"Scorecasting:" is home field advantage just biased officiating?
There's a new book that's about to come out, that you might have heard about. It's called "Scorecasting," and the publisher was kind enough to send me a review copy. It's basically a Freakonomics for sports, in intent, in tone, in writing style, and even down to its similar authorship -- one academic economist (Tobias Moskowitz, a finance professor) and one journalist (Sports Illustrated's L. Jon Wertheim).
The book's website is here; it has an excerpt from one of the chapters, and you'll find other excerpts online if you search the authors' names.
The topics will be very familiar to sabermetricians and regular readers of this blog. There are chapters on the Hot Hand, on competitive balance, on NBA refereeing, on steroids, and so on. There isn't a huge amount of breakthrough stuff there, although there are certainly a few new insights. Mostly, the authors summarize what they've learned from academic articles on sports, and they add the results of a few little studies they did themselves.
Alas, by concentrating on the journals, they've missed much of the scholarship of us amateurs. For instance, in the chapter of competitive balance, they argue that baseball is less balanced than the football because MLB teams play 162 games, while NFL teams only play 16. That, of course, is only a small part of the story. There are other parts, such as the distribution of talent in the league, and the internal details of the game itself. Tom Tango has effectively solved the problem of comparing different sports (here's just one of his many posts), but the authors seem unaware of that (although they do mention Tango in the book once, in a mention of leverage, referring to him as a "stats whiz.")
And they're occasionally completely off, as when they say the sample size of the MLB playoffs is enough that the best team ought to win the series.
Still, a lot of the material is solid; the authors are at their strongest when they're reviewing one of the more famous and established studies, like the Romer "fourth down" paper, and the Massey/Thaler NFL draft study. (I'll probably do a full review of the book later, but, for now, just picture a sports Freakonomics that's not as rigorous as most of the websites, but does mention a few things that you didn't know before.)
Anyway, I'm going through the book, and suddenly I see that the authors claim to have solved the problem of what causes home field advantage (HFA). That was sort of shocking. My personal subjective view is that HFA is the biggest unsolved problem in sabermetrics, and very little progress has been made. There's so little progress, in fact, that I've started to take seriously a hypothesis that seems way off the wall -- the theory that humans have built in evolutionary programming that makes them more physically and mentally effective when defending their own turf. (I'm not saying that it's necessarily true, just that I have a bizarre attraction to it.) In that light, finding these HFA claims was a bit like picking up a newspaper article on math, and finding that the reporter has proved Fermat's Last Theorem.

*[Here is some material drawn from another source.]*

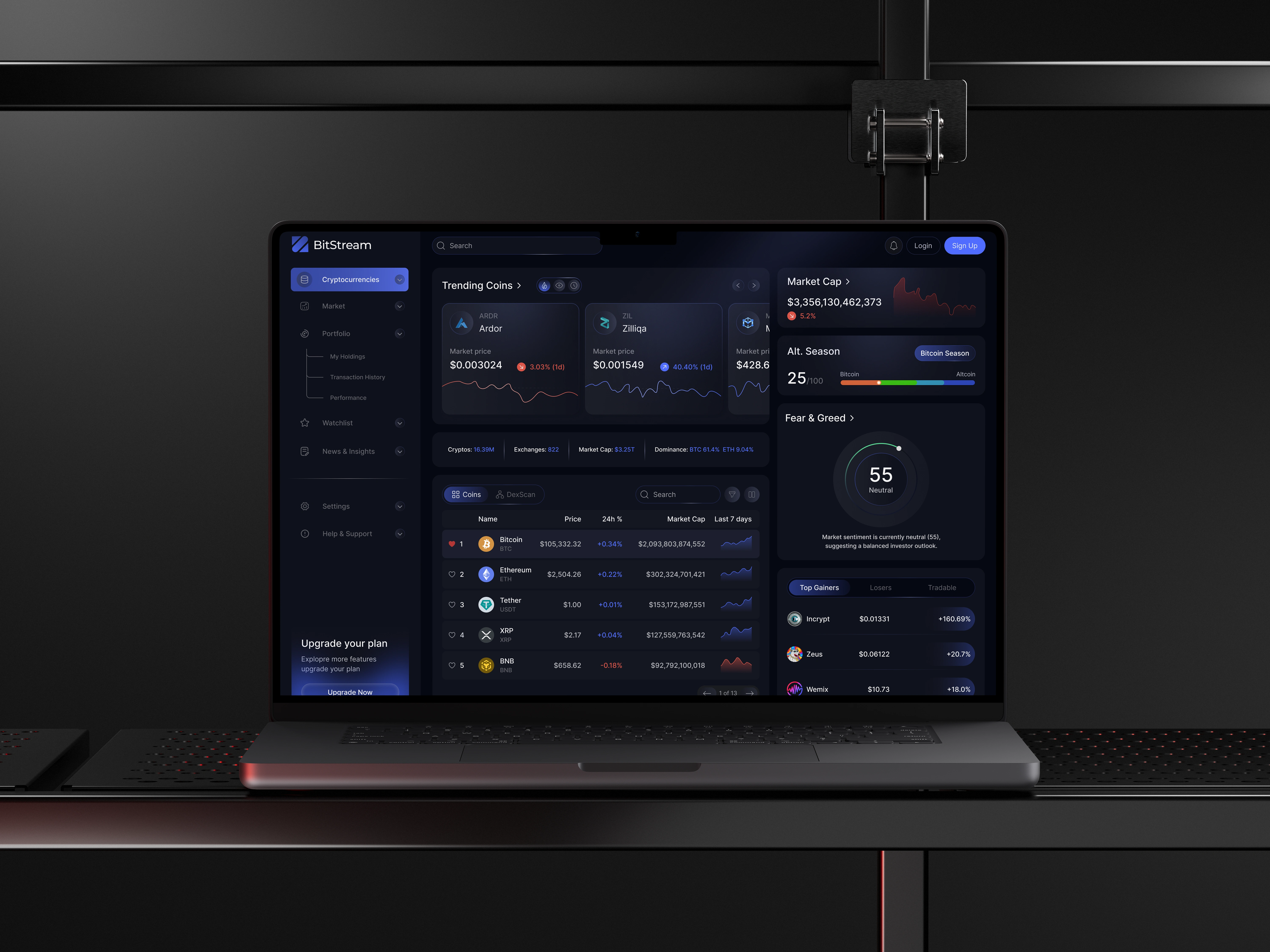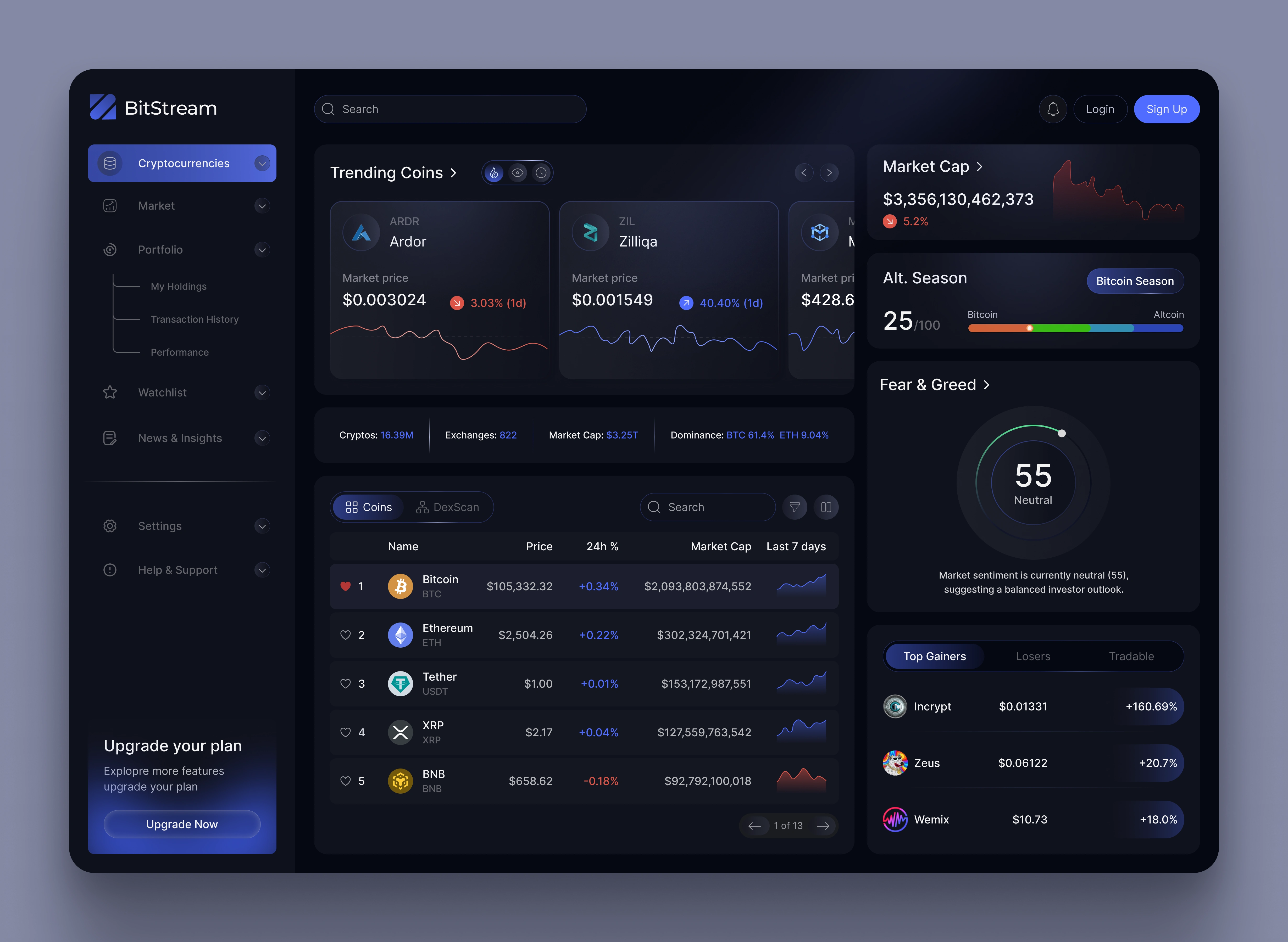 BitStream is a sleek UI/UX design for a real-time crypto dashboard—built to deliver fast, actionable insights in a dynamic, ever-changing market.

So what's the authors' solution to the long-standing HFA conundrum? Refereeing. After dismissing most of the usual suspects (fan enthusiasm, travel, tailoring the team to the park), Moskowitz and Wertheim believe that most, or all, of HFA can be explained by biased officiating.
They list a bunch of supporting evidence, which I'll summarize here. If you want to follow along, some of this stuff is also in a long excerpt from the book that appeared a couple of weeks ago in the Jan. 17 issue of Sports Illustrated (the article, unfortunately, does not appear to be online).
1. In soccer, the referee controls how much extra "injury time" is added to the end of a match. It turns out that injury time is longer when the home team would benefit. When the home side was ahead by a goal, there were two minutes of injury time, on average, in a sample of Spanish league games. But when they were *behind* by a goal, it was four minutes.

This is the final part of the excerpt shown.